A presente máscara origina-se da região de Gohitafla, no centro da Côte d’Ivoire, um dos mais importantes centros de escultura Guro. Eberhard Fischer atribui uma significação particular a esta região, observando que vários dos mais finos ateliês de esculpura Guro floresceram ali durante a primeira metade do século XX. Em seu estudo seminal Guro. Masks, Fischer identifica o chamado “Mestre de Gohitafla”, um escultor anônimo reconstruído por meio de comparação estilística, cujas obras figuram entre as obras-primas da arte Guro. Máscaras atribuídas a esta oficina distinguem‑se por rostos ovais alongados, testa alta, incisões delicadas de scarificação, olhos estreitos meio fechados e um excepcional senso de equilíbrio formal, personificando o ideal de beleza feminina no Guro.

O exemplar presente exibe essas características com notável refinamento. O rosto alongado é enquadrado por uma testa alta, suavemente modelada, olhos estreitos em formato de amêndoa e uma boca pequena, levemente entreaberta, criando uma expressão de serenidade e dignidade. Uma fina decoração linear incisa estende-se pela testa, ao redor dos olhos e ao longo das bochechas, oferecendo um ritmo gráfico sutil que é característico das mais finas esculturas de Gohitafla. A patina preta profunda e polida da máscara contrasta elegantemente com a superfície castanha-avermelhada quente da superestrutura escultórica.

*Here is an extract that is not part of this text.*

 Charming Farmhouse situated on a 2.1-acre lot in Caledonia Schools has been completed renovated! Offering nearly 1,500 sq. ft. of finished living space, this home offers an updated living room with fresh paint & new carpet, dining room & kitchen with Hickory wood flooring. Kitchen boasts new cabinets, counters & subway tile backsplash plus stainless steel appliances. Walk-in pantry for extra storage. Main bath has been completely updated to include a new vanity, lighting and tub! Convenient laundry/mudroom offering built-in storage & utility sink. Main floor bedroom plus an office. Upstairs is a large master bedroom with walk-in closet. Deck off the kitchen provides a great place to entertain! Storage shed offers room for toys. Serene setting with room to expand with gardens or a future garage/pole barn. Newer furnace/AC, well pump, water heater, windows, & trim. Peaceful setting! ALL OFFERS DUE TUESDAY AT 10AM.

Notavelmente notável é a figura elaborada montada acima da máscara. Uma figura feminina de pés erguidos, pescoço alongado, tronco cuidadosamente modelado e proporções graciosas segura as cornas de antílope enquanto equilibra um recipiente sobre a cabeça. Tais superestruturas escultóricas pertencem às composições mais sofisticadas da escultura Guro. O recipiente muito provavelmente refere-se à fertilidade, prosperidade e ao importante papel social das mulheres, enquanto a postura serena e as proporções harmoniosas refletem o conceito Guro de beleza ideal.

As chifras altas em espiral lembram as de um antílope e associam a máscara à iconografia dos mascarados Gu e Zamble. Dentro da tradição Guro, Gu representa a personificação da graça feminina e faz parte de uma tríade juntamente com Zamble e Zauli, máscaras que aparecem durante festivais, funerais e importantes cerimônias comunitárias. Como tem enfatizado Susan Mullin Vogel, as máscaras Guro não podem ser entendidas apenas como objetos escultóricos; seu significado pleno emerge somente por meio da performance, música, traje e dança, onde a escultura se torna um elemento dentro de um evento estético e social maior.

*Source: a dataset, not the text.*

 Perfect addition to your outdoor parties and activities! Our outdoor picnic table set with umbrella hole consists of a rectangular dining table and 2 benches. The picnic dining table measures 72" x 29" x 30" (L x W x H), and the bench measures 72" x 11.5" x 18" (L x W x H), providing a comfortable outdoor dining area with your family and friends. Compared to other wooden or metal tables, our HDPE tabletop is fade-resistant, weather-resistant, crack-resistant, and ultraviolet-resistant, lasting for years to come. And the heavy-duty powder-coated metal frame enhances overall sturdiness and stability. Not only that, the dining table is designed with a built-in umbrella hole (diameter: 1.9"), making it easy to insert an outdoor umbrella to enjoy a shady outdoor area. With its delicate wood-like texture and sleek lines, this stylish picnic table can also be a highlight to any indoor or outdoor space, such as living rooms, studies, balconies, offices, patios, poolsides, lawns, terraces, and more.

Anita J. Glaze observou igualmente que as feições faciais idealizadas das máscaras Guro comunicam não apenas beleza física, mas também virtudes morais como compostura, dignidade e maturidade social. Anne-Marie Bouttiaux demonstrou ainda a existência de distintas tradições regionais de escultura dentro do território Guro, identificando Gohitafla como um dos centros artísticos mais realizados. A máscara presente exemplifica essa tradição por meio de suas proporções refinadas, decoração de superfície elegante, patina soberba e superestrutura escultórica remarkably sofisticada. Juntas, essas qualidades a situam firmemente entre os mais altos feitos da escultura clássica Guro e ilustram por que Eberhard Fischer considerou a produção artística de Gohitafla como um dos pináculos da talha de madeira da África Ocidental.

Referências

Bouttiaux, Anne-Marie (ed.). L’Art des Guro, Côte d’Ivoire. Tervuren: Musée royal de l’Afrique centrale.

Fischer, Eberhard. Guro. Masks. Zurique: Edition Patrick Frey, 2008.

Fischer, Eberhard & Homberger, Lorenz. Die Kunst der Guro / The Art of the Guro. Zurique: Museum Rietberg.

Glaze, Anita J. Art and Death in a Senufo Village. Bloomington: Indiana University Press, 1981.

Vogel, Susan Mullin. Baule: African Art, Western Eyes. New Haven: Yale University Press, 1997.

Algumas informações foram geradas por inteligência artificial e baseiam-se em fontes publicadas nos campos da etnografia, arqueologia e história da arte.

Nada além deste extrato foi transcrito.